Chris Carmen  /   September 12, 2016

I recently read a peer’s blog post titled “5 Signs You Need New Office Space”, which I thought was valuable and worth sharing.  However, I believe what might be more relevant is the top reasons today’s tenants decide it’s time to find new office digs.  I’ve come up with the list below, which has some of the same points as “5 Signs….”, but slightly differs.

After reviewing the list below, let me know your thoughts on the topic.  As the ‘Tenant’, I’m most interested in what you have to say.  After all, as a business owner or manager, you’re the person who pulls the trigger on an office relocation.

  1. Retaining and Attracting Talent – The market for quality employees has become increasingly competitive. This is especially true for tech companies that need employees with very specific skill sets, such as software developers. Now more than ever, prospective employees are considering office related factors when evaluating jobs.  Factors such as the location/proximity of the office in relation to where they live and socialize; amenities such as fitness facility or common gathering space within the office suite, the building, or within walking distance; the environment and culture office projects. The inability of your office space to ‘check-the-box’ on the above factors will likely mean you’ll be challenged to recruit top talent and maybe worse, prevent your current talent from landing new jobs with the employers with amenity-laden offices located in the heart of the target demographic they’re trying to hire.
  1. Inability to Grow – Until the tightening job market has become a factor in the above Retaining and Attracting Talent, a company’s ability to grow their office space was the # 1-factor businesses relocate. As office vacancy increases, companies’ ability to grow into adjacent space or even within their current building has become more limited.  Often, the only solution to growing an office while more than a few years remain on an office lease is to expand by opening a second office, either in the same building or a nearby office building.  But this is usually only a failsafe solution because opening a second office can create a number of issues for a growing endeavor. Splitting the office often means a second set of office infrastructure and administration.  But maybe most unsettling, a second office often takes on a culture of its own that evolves independently from the ‘main’ office, which is influenced by the employees, the management, and amenities in the new location.  This is fresh in my mind because one of my best clients split its office a few years ago and we just completed a project to combine the two offices into one location to solve the clash of cultures that evolved by having separate offices.  It was so important to bring all of the employees and management back under one roof, the office consolidation required selling one building and leaving a lease for the other 2 years prior to lease expiration.
  1. The Current Space Does Not Reflect the Company’s Brand and/or Culture – This factor has become increasingly important during the past five or six years due to the tightening labor market (see the above Item #1). However, albeit highly important, projecting the right image and work culture for employees and job candidates is not the only reason Brand & Culture weigh so highly on the list.  Customers are becoming increasingly cognizant of the image projected by vendors.  Not only from the obvious: “Are they taking too much $ from us”, but as a service provider, does the company reflect the type of organization they believe will make them better?  For example, does a marketing firm project a creative image, or at least an image that the customer believes will help to sell its products.  A precise and thoughtful projection of a company’s Brand and Culture by its office space and work environment cannot be overrated and is a topic I’ve blogged about often during the past few years.

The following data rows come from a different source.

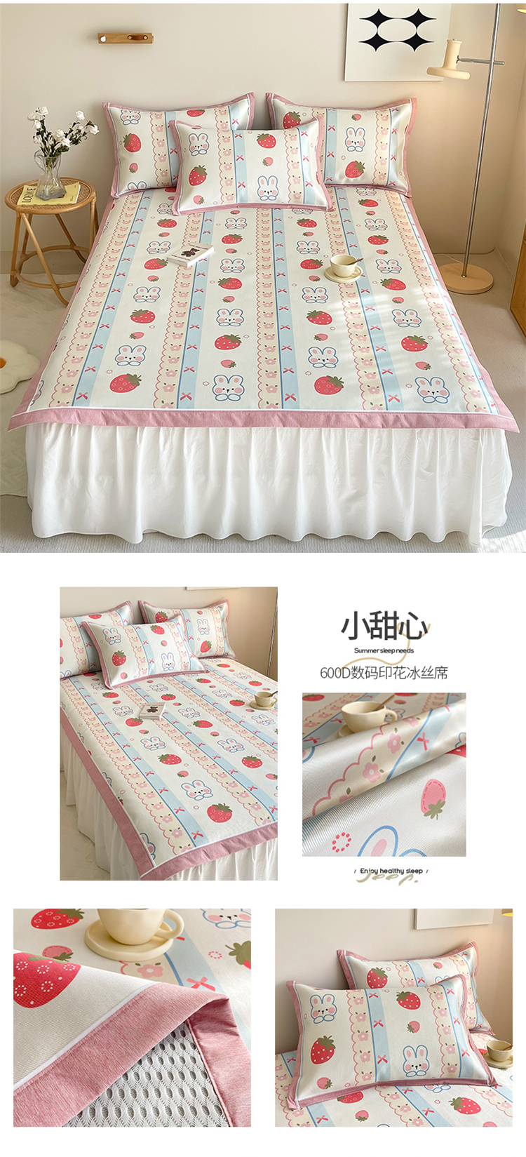 商品名称:懒猫 2024新款600D数码印花冰丝席 小甜心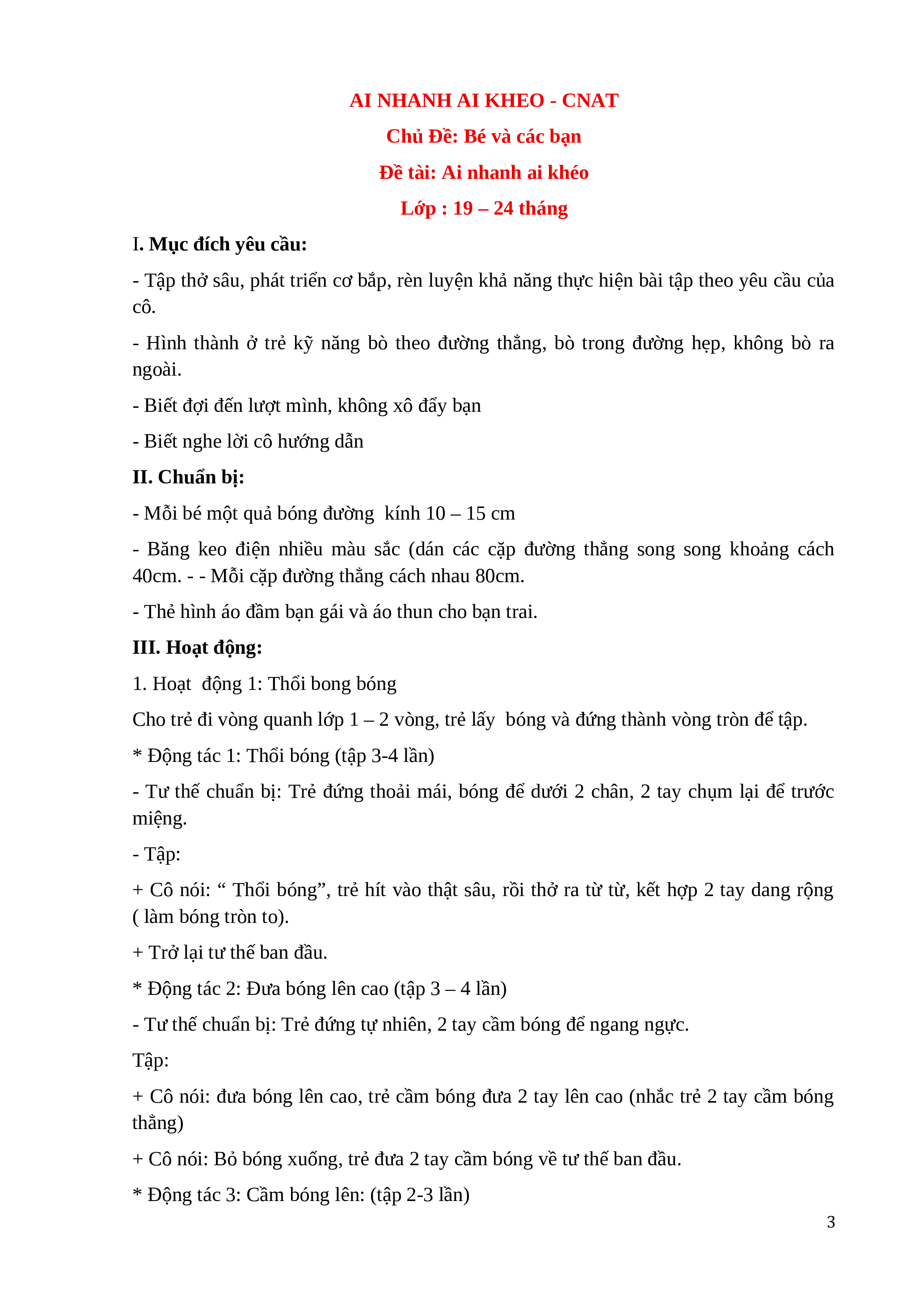 đứng ở cuối hàng. Cho trẻ thực hiện 2-3 lần. Nhắc nhở trẻ biết đợi tới lượt mình. Trò chơi: ai nhanh ai khéo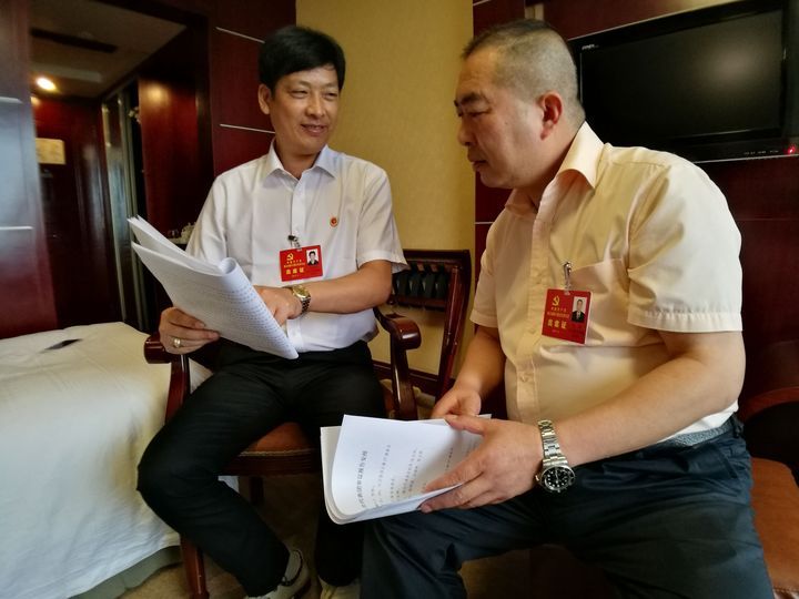 陳宏定(左)和其他黨代會(huì)代表一起討論報(bào)告內(nèi)容。
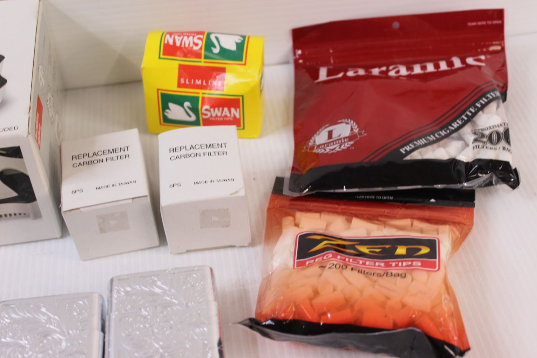 Lot: Smokeless Ashtray, (4) Cigarette Holders, Assorted Filter Packages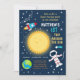 Diese niedliche Einladung bietet einen Astronauten, ein Raketenschiff, Sonne und Sternenhintergrund.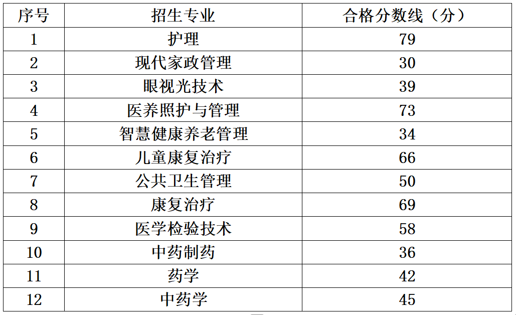 根据《贵州省教育厅关于做好2025年普通高等学校专升本工作的通知》(黔教函〔2024〕69号)及《贵州省2025年普通高等学校专升本考试招生工作方案》文件精神,贵阳康养职业大学2025年专升本专业课考试已于4月30日结束。学校根据《贵阳康养职业大学2025年普通高等学校专升本考试招生章程》有关规定,分专业不分科类,划定各专业的专业课考试成绩合格分数线,并报贵州省招生考试院同意,现将划定的具体分数线(不含退役士兵)公布如下: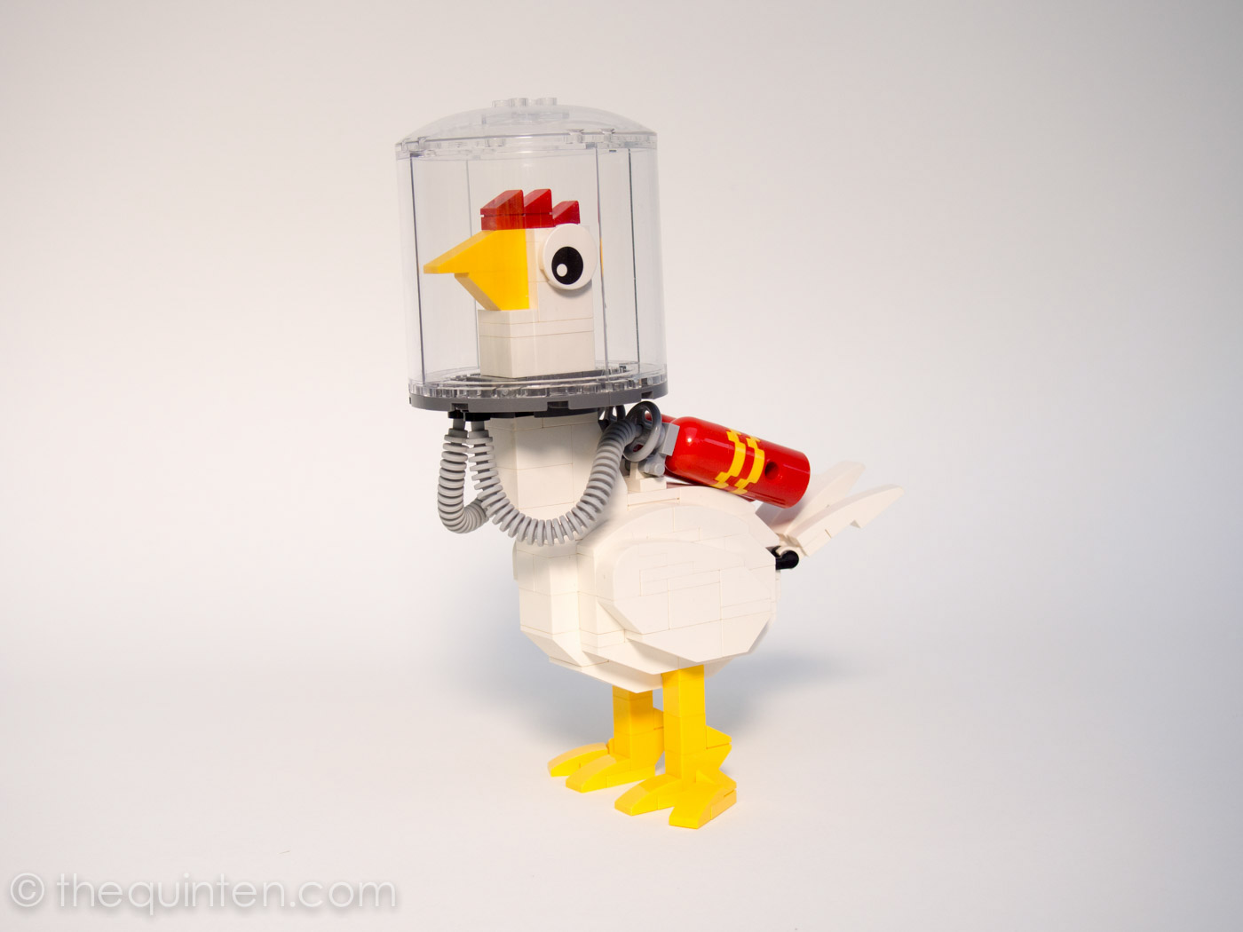 This model is a good example of how LEGO Worlds has improved my building. There is almost no SNOT building (Studs Not On Top) in this model and LEGO Worlds really helped me with this style. There is SNOT building with the air tanks and eyes but this gives Space Chicken some well deserved character. I believe a good balance between both styles is great.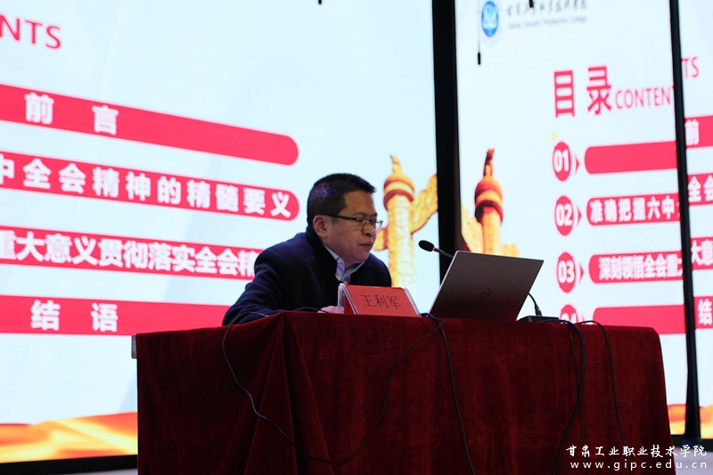 近日,副院长王利军在大学生活动中心为我院师生作十九届六中全会精神专题宣讲。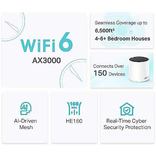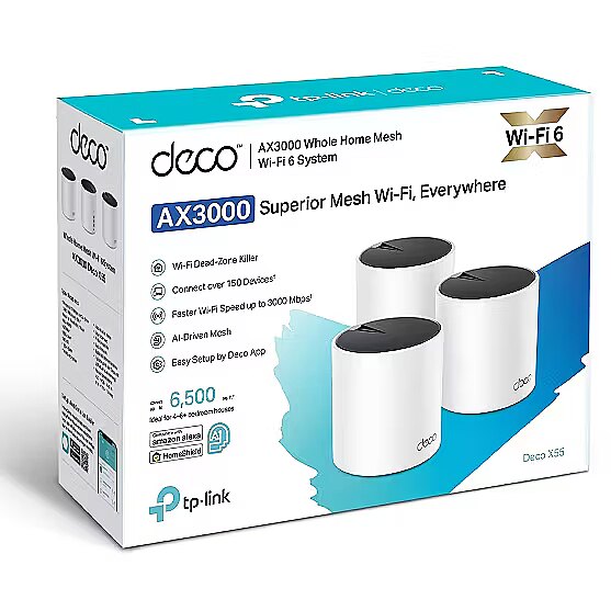 LongDesc - Superior Mesh WiFi, EverywhereAX3000 Whole Home Mesh WiFi 6 SystemUltra-Fast WiFi 6 MeshArmed with WiFi 6 technology, Deco whole home mesh WiFi is designed to deliver a huge boost in coverage, speed, and total capacity. Get on the latest mesh WiFi to enjoy the future network that loads faster and connects more.Up to 4x More Capacity for Immersive StreamingEnhanced by WiFi 6, featuring with OFDMA and MU-MIMO technology, Deco X55 allows you to connect over 150 devices. Enjoy a more efficient network that loads faster without dragging down performance.Whole-Home Coverage: WiFi Dead Zone KillerWith clearer and stronger signals enhanced by BSS Color and Beamforming, Deco X55 boosts broader whole home WiFi coverage with great performance. Wireless connections and optional Ethernet backhaul work together to link Deco units, providing even faster network speeds and truly seamless coverage. Want more coverage? Simply add another Deco.AI-Driven Mesh: Always Learning, Constantly OptimizingArmed with AI-Driven Mesh, Deco X55 delivers smart WiFi that follows you wherever you are, without interruption. It automatically learns your network environment, client quality, and user behaviors. Sophisticated algorithms account for various factors so that Deco X55 provides ideal mesh WiFi, unique to your home. Walk through your home and enjoy seamless streaming at the fastest possible speeds.Seamless Roaming with One WiFi NameTP-Link Mesh means Deco units work together to form one unified network. Your phone or tablet automatically connects to the fastest Deco as you move through your home, creating a truly seamless WiFi experience.Let the Experts Secure Your HomeCustomize your home network with enhanced security using TP-Link HomeShield's kit of built-in features. Whether you're identifying network security holes, limiting the time your children spend online, or blocking websites, HomeShield gives you the tools you need to fully manage your network.Quick Setup with the Deco AppUnbox Deco, install the app and then simply follow the on-screen directions. Deco app will take care of the rest, getting your network up and running in minutes.Easy ManagementManage your WiFi at home or away on the Deco app, including seeing all connected devices, prioritizing your own, setting up a guest network, and more.Voice ControlPair with Alexa to control Deco X55 with simple voice commands. Enjoy the convenient life.All Decos Work TogetherDeco X55 is compatible with every other Deco model to form a mesh network. Expand mesh WiFi coverage anytime by simply adding more Decos.More than a Router, Functional and BeautifulThe pure white × black design, simple but all-embracing, evokes a wintery mood or a bright summer day. Deco X55 with a delicate body case makes it perfect to blend into various home decorations.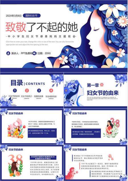 蓝色纸艺插画三八妇女节感恩主题班会PPT模板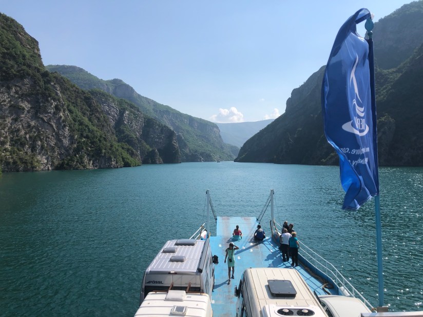 Anybody who has seen images of Lake Koman would surely want to go there and since we were passing through Albania on our ‘Balk-Van’ Tour we had the perfect opportunity. It was a long, difficult drive along a road which became increasingly rugged the further we travelled but eventually The Dub made it to Koman which sits at the foot of the VauDejes dam.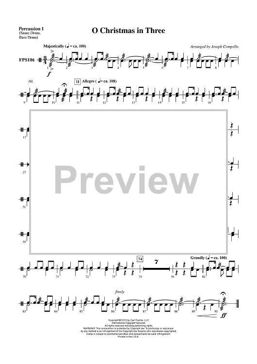 Digital Sheet Music for O Christmas in Three - Percussion 1 by Joseph Compello, Traditional Carols scored for Concert Band; id:435882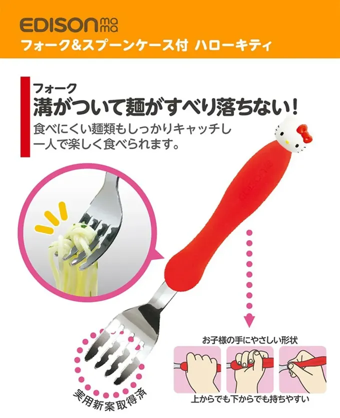 幼兒不鏽鋼學習湯叉組 含盒(hello kitty 學習餐具)-紅(叉)+黃(匙)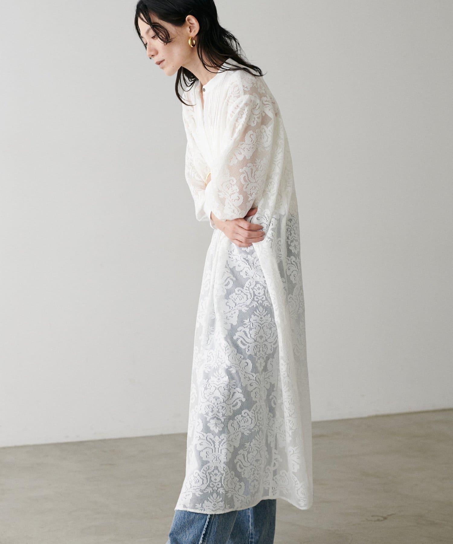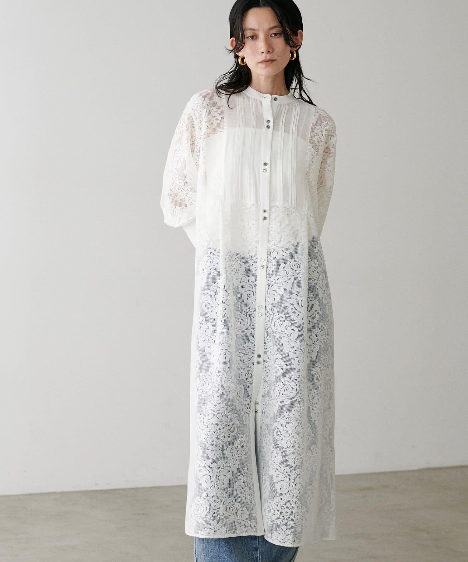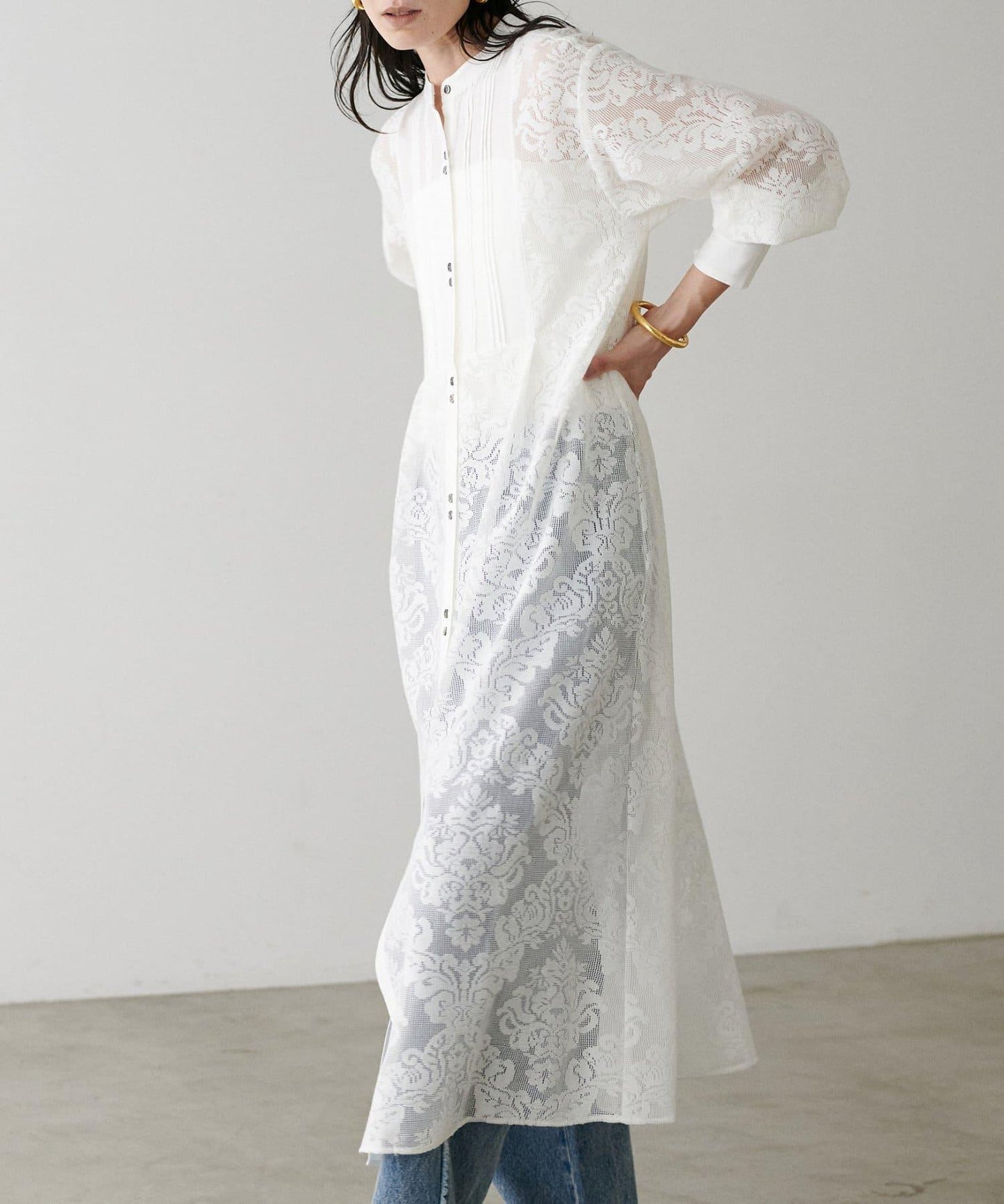 這款長裙採用鏤空設計,以精緻的全蕾絲剪裁而成。

  1. Space Inefficiency – The first thing we often think of when the topic of Space Inefficiency comes up is a business owner or manager believing they’re paying for excess space they’re not using. Although that may be the case, the real issues office space inefficiency causes are the loss of productivity, low employee morale, and a generally disruptive work environment. Ultimately affecting a company’s bottom line, but not as rent, but the loss of staff productivity.  During the 31 years I’ve been serving office tenants, I’ve seen awareness of this issue grow as business managers and owners have developed a deeper understanding of the cost/benefit of employee productivity, which is so often tied to the efficiency and layout of a businesses’ office space.
  1. Cost of Occupancy – Now, we’re finally on to the last of the factors causing businesses to relocate to new offices…. the lease economics. Many of you may have expected this item to rate higher on the list of reasons a company relocates, maybe even picking it as #1. But consider this: according to the Gallup organization, which produced a study on the American worker and workplace a number of years ago and updates each year, office rent accounts for roughly 3-7% of a company’s overhead,whereas,employee-related expense: payroll, benefits, payroll taxes, etc. make up as much as 70% of a company’s overhead. With that in mind, although the amount of rent and facility related expenses a company incurs is important, it pales in comparison to the preceding four factors that have a direct or indirect employee cost.  If you can have a positive impact on the above four factors, it will undoubtedly have a bigger impact on a company’s bottom line.  In fact, when office lease related costs account for less than 7% of a company’s overhead, an argument can be made for a manager to spend more money on rent to improve the office environment or location, which should have a positive impact on employee morale and talent acquisition, which makes up approximately up 70% of a company’s overhead.